::: Records for processing

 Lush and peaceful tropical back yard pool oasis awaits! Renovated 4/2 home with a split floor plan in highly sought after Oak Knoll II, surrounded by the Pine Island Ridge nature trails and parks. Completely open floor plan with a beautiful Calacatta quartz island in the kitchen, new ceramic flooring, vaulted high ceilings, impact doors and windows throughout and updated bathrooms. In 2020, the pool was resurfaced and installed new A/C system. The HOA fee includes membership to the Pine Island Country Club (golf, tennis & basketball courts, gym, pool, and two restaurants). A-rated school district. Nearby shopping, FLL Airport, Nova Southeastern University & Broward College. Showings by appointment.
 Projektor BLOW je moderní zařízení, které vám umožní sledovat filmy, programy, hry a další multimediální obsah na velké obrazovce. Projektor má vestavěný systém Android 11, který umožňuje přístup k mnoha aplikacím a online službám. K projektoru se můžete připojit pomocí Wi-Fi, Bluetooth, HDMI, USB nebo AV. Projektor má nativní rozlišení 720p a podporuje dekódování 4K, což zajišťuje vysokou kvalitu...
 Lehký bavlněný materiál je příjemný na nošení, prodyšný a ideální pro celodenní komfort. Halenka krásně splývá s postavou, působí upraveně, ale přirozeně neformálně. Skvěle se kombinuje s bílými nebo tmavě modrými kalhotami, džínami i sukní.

::::::
::: Records for processing

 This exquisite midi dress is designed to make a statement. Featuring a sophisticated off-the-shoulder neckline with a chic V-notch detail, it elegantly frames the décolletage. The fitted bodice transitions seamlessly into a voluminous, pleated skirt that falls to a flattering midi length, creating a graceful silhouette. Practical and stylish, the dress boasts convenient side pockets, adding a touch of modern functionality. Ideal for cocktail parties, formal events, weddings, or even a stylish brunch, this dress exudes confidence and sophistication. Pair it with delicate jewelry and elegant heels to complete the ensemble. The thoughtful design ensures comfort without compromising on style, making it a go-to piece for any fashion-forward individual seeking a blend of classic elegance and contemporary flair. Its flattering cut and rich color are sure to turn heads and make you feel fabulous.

::::::
::: Records for processing

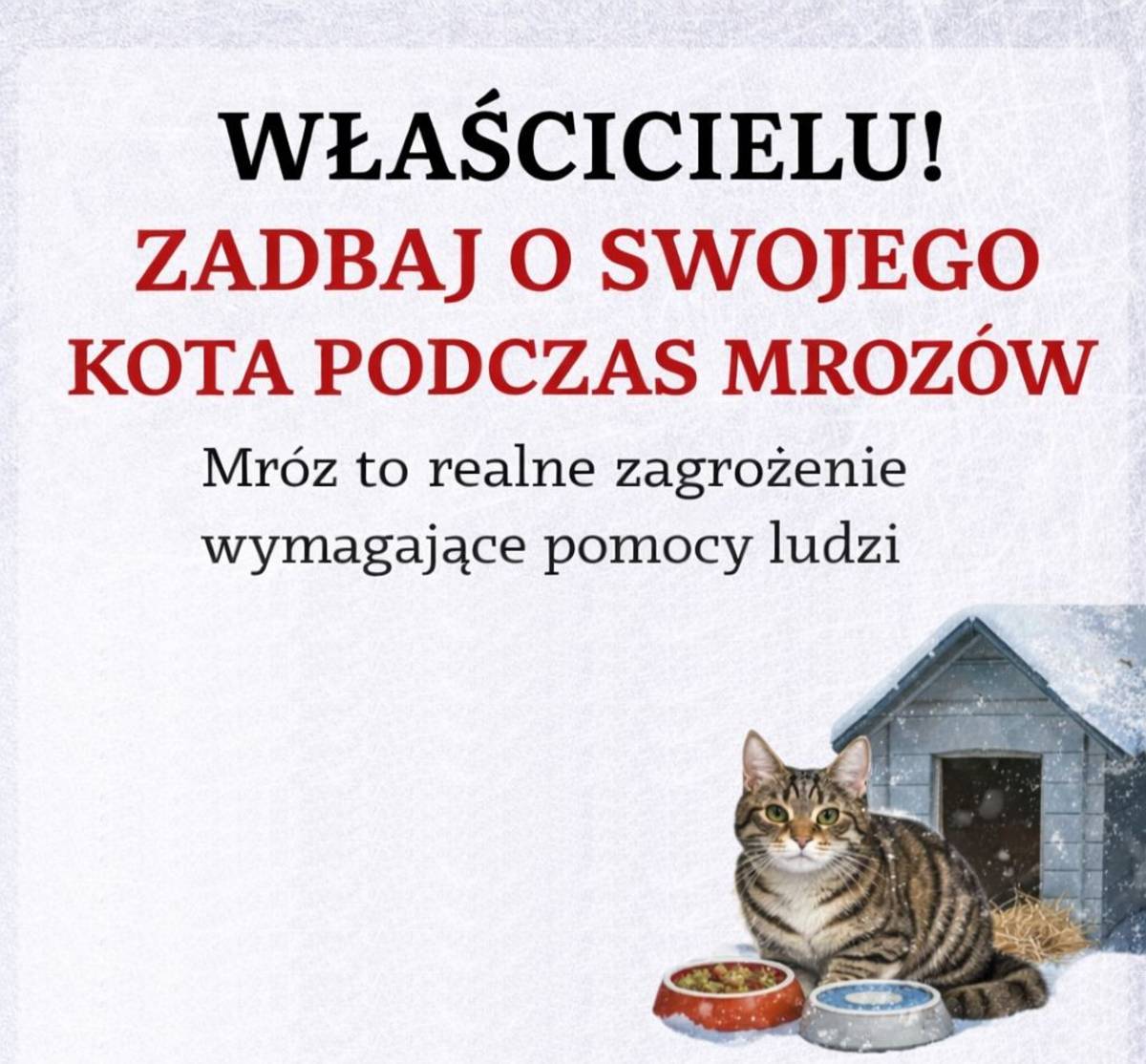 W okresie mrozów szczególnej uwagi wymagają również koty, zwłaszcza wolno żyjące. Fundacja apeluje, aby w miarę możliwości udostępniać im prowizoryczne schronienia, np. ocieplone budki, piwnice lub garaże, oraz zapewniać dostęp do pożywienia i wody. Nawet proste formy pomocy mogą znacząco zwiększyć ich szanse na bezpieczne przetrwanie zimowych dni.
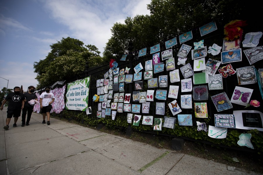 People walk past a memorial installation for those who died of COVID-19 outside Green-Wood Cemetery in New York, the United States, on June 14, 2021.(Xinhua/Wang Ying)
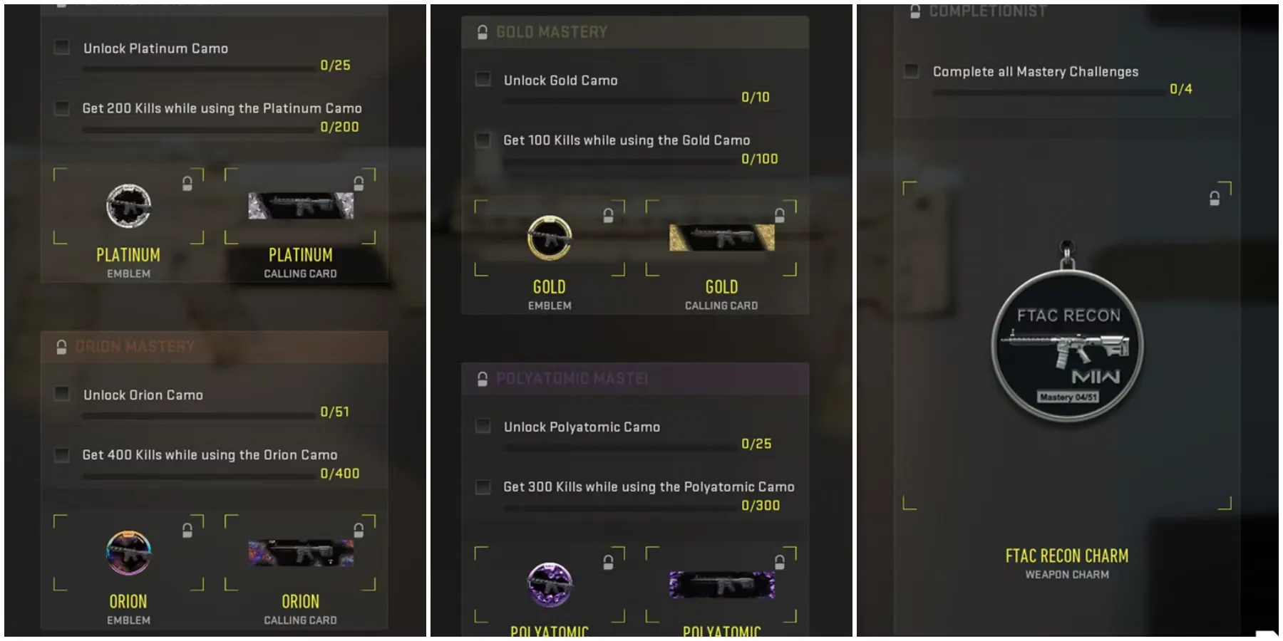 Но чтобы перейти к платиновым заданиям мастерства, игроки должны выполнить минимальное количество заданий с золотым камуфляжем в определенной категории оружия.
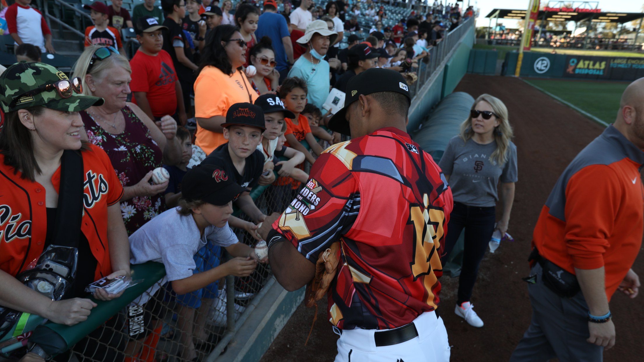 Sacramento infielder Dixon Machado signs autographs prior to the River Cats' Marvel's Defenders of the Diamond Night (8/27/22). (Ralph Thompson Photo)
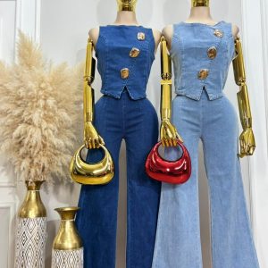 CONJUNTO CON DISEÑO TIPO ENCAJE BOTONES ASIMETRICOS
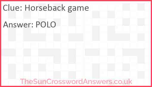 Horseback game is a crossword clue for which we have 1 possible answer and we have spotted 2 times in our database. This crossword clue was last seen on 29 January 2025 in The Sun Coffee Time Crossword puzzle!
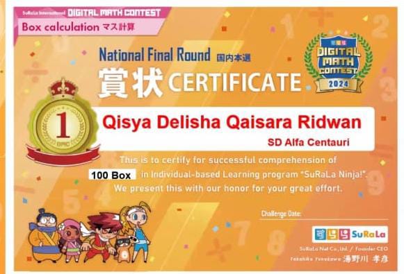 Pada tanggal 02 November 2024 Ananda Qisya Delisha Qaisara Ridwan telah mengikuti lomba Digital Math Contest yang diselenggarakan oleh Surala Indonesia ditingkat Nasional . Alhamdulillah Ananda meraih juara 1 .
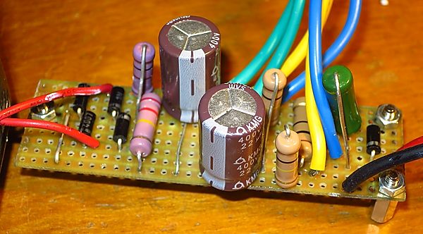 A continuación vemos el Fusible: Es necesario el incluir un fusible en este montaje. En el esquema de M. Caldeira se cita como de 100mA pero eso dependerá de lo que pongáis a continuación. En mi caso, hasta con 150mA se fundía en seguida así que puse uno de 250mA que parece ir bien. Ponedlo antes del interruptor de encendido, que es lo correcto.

::::::

*Problem to work on*: Starting at the line containing "Pada tanggal 02" and finishing at the line containing "A continuación vemos", return those lines exactly as they appear above, without the pictures.

*Finished exercise*:
 Pada tanggal 02 November 2024 Ananda Qisya Delisha Qaisara Ridwan telah mengikuti lomba Digital Math Contest yang diselenggarakan oleh Surala Indonesia ditingkat Nasional . Alhamdulillah Ananda meraih juara 1 .
 A continuación vemos el Fusible: Es necesario el incluir un fusible en este montaje. En el esquema de M. Caldeira se cita como de 100mA pero eso dependerá de lo que pongáis a continuación. En mi caso, hasta con 150mA se fundía en seguida así que puse uno de 250mA que parece ir bien. Ponedlo antes del interruptor de encendido, que es lo correcto.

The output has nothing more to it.